If you ain't the grandaddy of all liars! The little critters of nature... They don't know that they're ugly! That's very funny, a fly marrying a bumblebee! I told you I'd shoot! But you didn't believe me! Why didn't you believe me?! Happy Happy Joy Joy Happy Happy Joy Joy ……

This is Utopia. This is Armageddon. This is the U.S. of A. This is now. Is this, or not, a sign of certainty in televisual future shock, one without any final, redemptive interpretation, more and more the fodder for poetic injustice?
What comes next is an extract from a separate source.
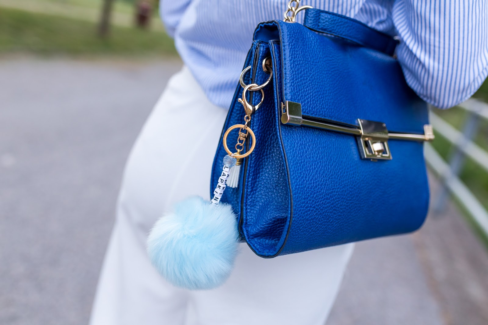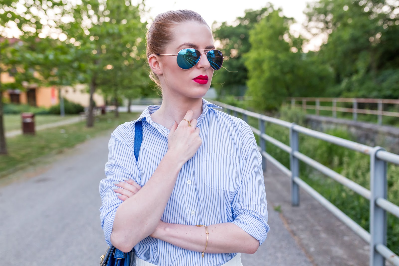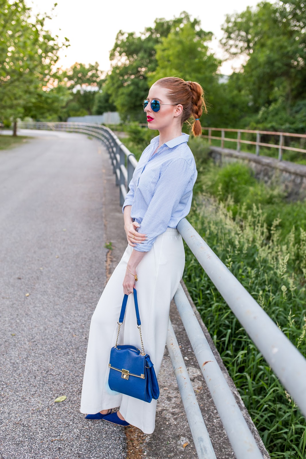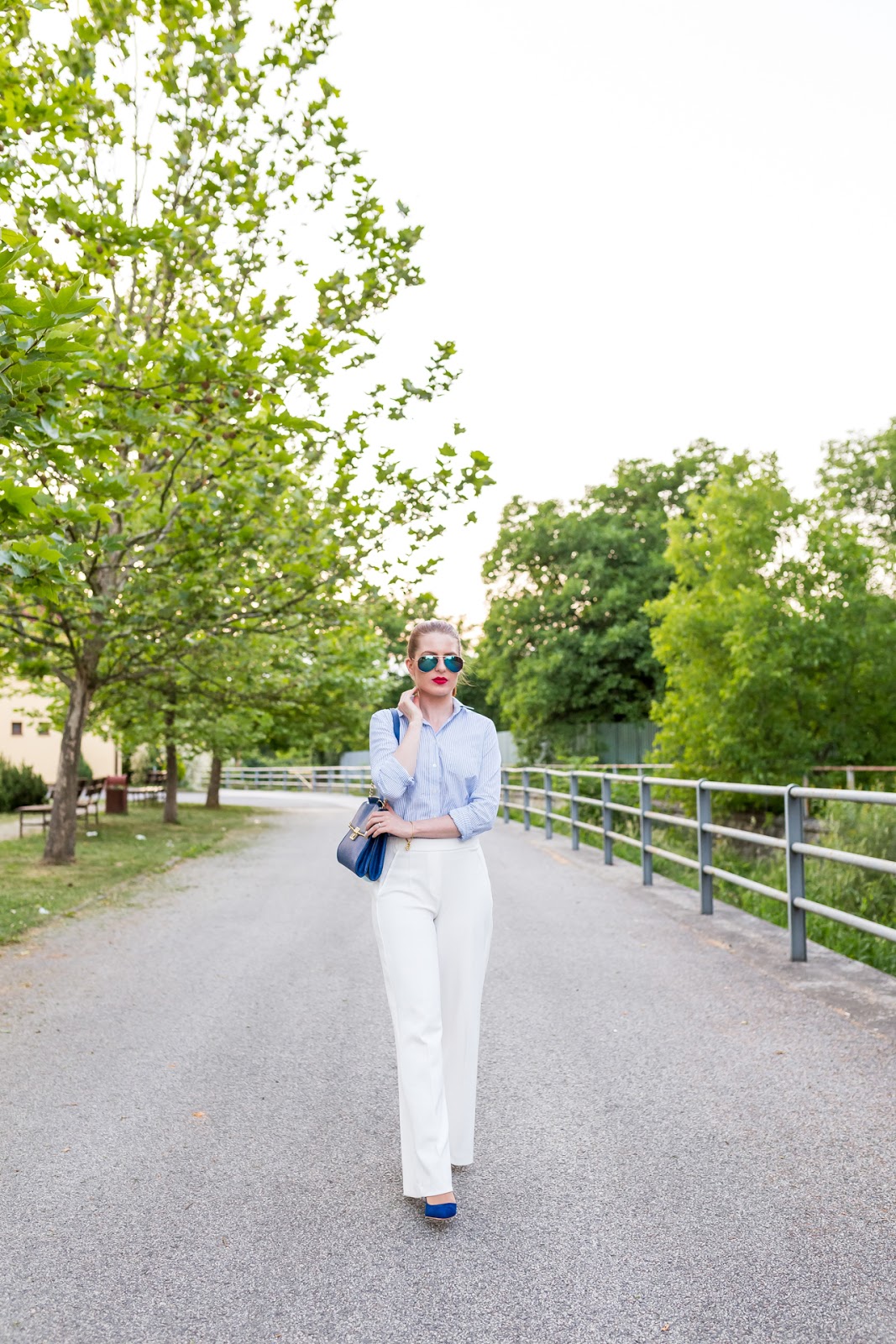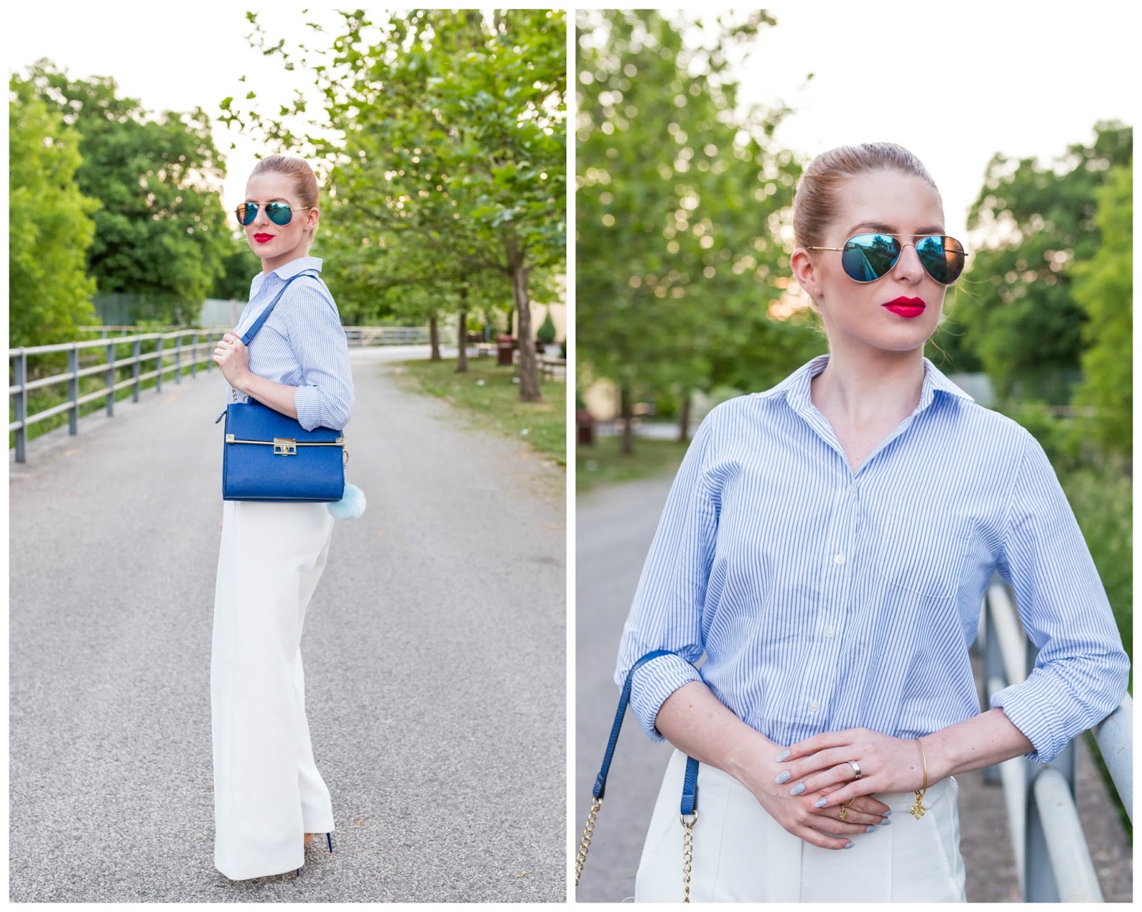 Základom dnešného outfitu, v ktorom podľa odhadu spomínaného chalana, vyzerám na menej ako osemnásť, sú palazzo nohavice. Tento typ oblečenia mám veľmi rada, pretože je pre mňa zo všetkých strihov najpríjemnejší a najkomfortnejší. Najradšej ich kombinujem s obtiahnutými vrchnými časťami odevu, celými plavkami či košeľami ako v tomto prípade. Na leto sú skrátka pre mňa ideálnym spoločníkom, pretože sú vzdušné a veľmi pohodlné. Košeľa je jedným z mojich najaktuálnejších prírastkov do šatníka. Teším sa, že som konečne našla moju vysnívanú, ktorá sa skvele hodí k elegantnému looku ale aj k ležérnemu outfitu. Táto je značky GANT a mám ju z košického obchodu Zipizappe. Zvyšné doplnky sú v tmavomodrej farbe a so zlatými detailmi podobne ako náramok a prsteň Chrysalis Karma z Blogerinas.

As William Burroughs said of the American flag, if it were to be dipped in heroin, he would suck it.

"We shall not ever return to a pre-capitalist human nature, yet a reminder of its alternative needs, expectations and codes may renew our sense of our nature's range of possibilities." So suggests Dave Beech in a recent article 'Art's Debunker's',8 where the question that he (via E.P Thompson) raises is: could such a reminder "even prepare us for a time when both capitalist and state communist needs and expectations may decompose, and human nature may be made over in a new form?" A number of questions operate here as a mere journalistic task or as an opportunity to be seized to shape down one's automatic, utopian, affective 'human' responses, and offer up the potential of an independence in shared instances, where the instantiation of the individual is something too utopian and beyond all conceptualising. Nearness, the human facility for poetry through conversation, is ostensibly the better tool for the human need to be 'at home' in the world, if it had not already all but faded away. "What is this nearness that surrounds us...?"9

Part Two: Speechless: stuttering in the face of the corrosive spectacle; rebels, effects without causes, signs without interpreters

The extension of man by way of the poetic and human alluded to earlier in the context of the music of Donny Hathaway is something that Hans-Georg Gadamer would also articulate in his book 'The Relevance of the Beautiful'. "Why does the understanding of what art is today present a task for thinking?" asks Gadamer.10 Gadamer died in Heidelberg in 2002 at the age of 102. In his early work, he developed the insight that it is not only time and culture but, more importantly, language that determines human understanding. For Gadamer, interpretation never simply recovers an 'original' meaning insofar as all understandings are conditioned by historical and cultural 'situatedness' in ways that may not be made fully transparent, either to the author or to the later interpreter. Hermeneutics cannot be an objective method for recovering an original meaning unchanged from the past, but rather is a philosophical strategy.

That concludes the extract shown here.